“It’s 10pm, I’m going to bed,” is what I told the group of friends, teammates, and strangers who were gathered in our house for a get together during college. It was a Friday night and I had a long run the next morning.
For much of my life, I was a bit obsessive. I wanted to run fast, so I prioritized things like sleep to an extreme degree. It might have been a little strange for a high school or college kid to eschew partying for sleep, but to me, it was normal. The upside is that from my childhood until recently I was a master at getting sleep.
My routine went like this: Go to bed at 10pm. Wake up sometime between 6:30-7am. A good eight to nine hours of sleep every night. The downside? I felt absolutely horrible if I only got six or even seven hours of sleep. My body was adapted.

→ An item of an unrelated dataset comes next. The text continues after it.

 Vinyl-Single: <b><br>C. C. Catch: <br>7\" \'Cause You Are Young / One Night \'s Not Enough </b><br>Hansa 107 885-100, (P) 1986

Fast forward to the last four months. We have a newborn baby and that means the days of nine or eight or seven or six or even five hours of sleep are gone. Instead, especially for the first two months, the routine was essentially wake up every hour or two. Total sleep may have been four to five hours, and that’s on a good night. But even then, it was like doing intervals: 90 minutes sleep, 30 minutes awake. Rinse and repeat. As any new parent will tell you, this is not fun.
And yet life goes on. You have to figure it out. Eventually it gets a little better. You start getting three hour stretches of sleep, or only two wake ups instead of four or five, and you feel fresh. Once you get to something like two by three hour blocks of sleep, it’s like you’re a new person. Despite only getting six total hours, you feel energized, alert, and ready to take on the day because you finally got enough sleep to get through a full cycle.

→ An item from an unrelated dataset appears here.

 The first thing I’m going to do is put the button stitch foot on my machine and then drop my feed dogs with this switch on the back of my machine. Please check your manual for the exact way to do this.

Now, I’m not saying that six or seven hours with intermittent wake ups is ideal. But the point is that your body is remarkable at adapting to the demands placed upon it. What would have left you drained a year ago now makes you feel great. Why? Because relative to the terror of waking up every hour or two, a few long stretches is golden.
Just because I slept great every night didn’t mean my running career wasn’t without challenges. Consider this dilemma my teammates and I faced in high school. We were running twice a day, but because of the summer heat we had to run early and late. The evening run would begin at around seven, and by the time we were finished up and back home, it was already past nine. That meant scarfing down dinner (and a big one; we were growing boys running a ton of miles per week), showering, and going to bed all within an hour, so that we could wakeup early and get the next run in.

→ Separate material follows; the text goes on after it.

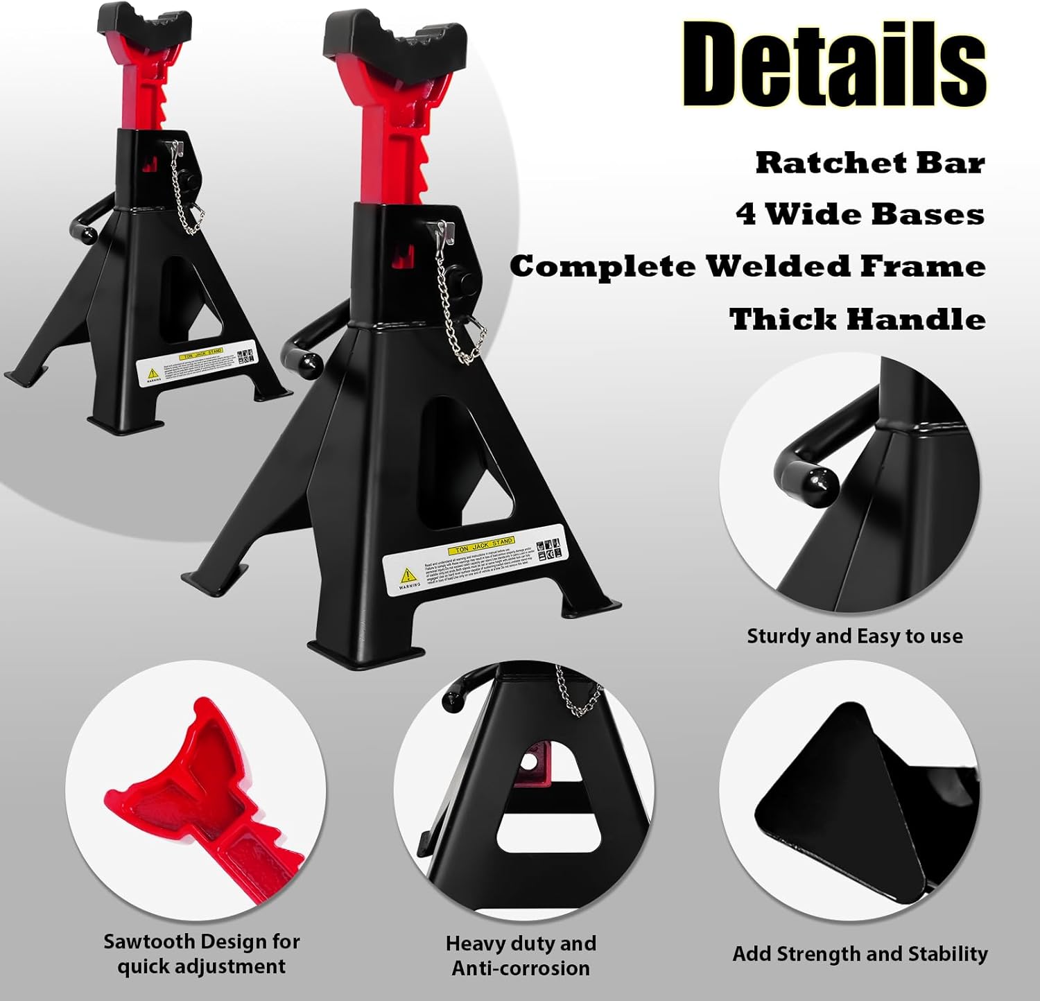 6 Ton Jack Stands, 15.6"-23.4" Adjustable with Double Pin Locking,Heavy Duty Jack Stands with Extra Rubber Pads,Car Lifts for Home Garage,Lifting Various Vehicles,1 Pair Black

As teenagers, we put our heads together and came up a plan: eat before our run. But not hours before our run, as we couldn’t convince our parents to eat dinner at 5pm, so instead it was right before our run. We’d eat dinner, drive 10 minutes to the park, and do our six to nine mile run.
Those first few runs were slow and filled with stops for cramping or even bathroom breaks. Everyone struggled. But then, after a few days, things got better. We moved from slowly jogging (with stops), to easy running, to even being able to get down to a steady pace. We even pushed what we could eat, turning it into a kind of competition to eat the densest food, then head out the door. Sure, we couldn’t hammer out intervals, but it got to the point where it was normal to knock out eight miles at a good clip.
Again: our bodies and minds are remarkably adaptable. What once made us miserable can become routine.
This applies beyond sleep and digestion. As we proposed in the original growth equation (stress + rest = growth), it applies to just about everything we do. That’s not an excuse to suffer through being miserable for no purpose, but what it means is that sometimes we need to give our body and mind time to see if it will adapt. To know that the miserableness of that first run after dinner will probably dissipate; the first time you go for a run in the heat will feel better over time; your first few days at school or in the workplace may feel overwhelming, but soon they’ll feel normal.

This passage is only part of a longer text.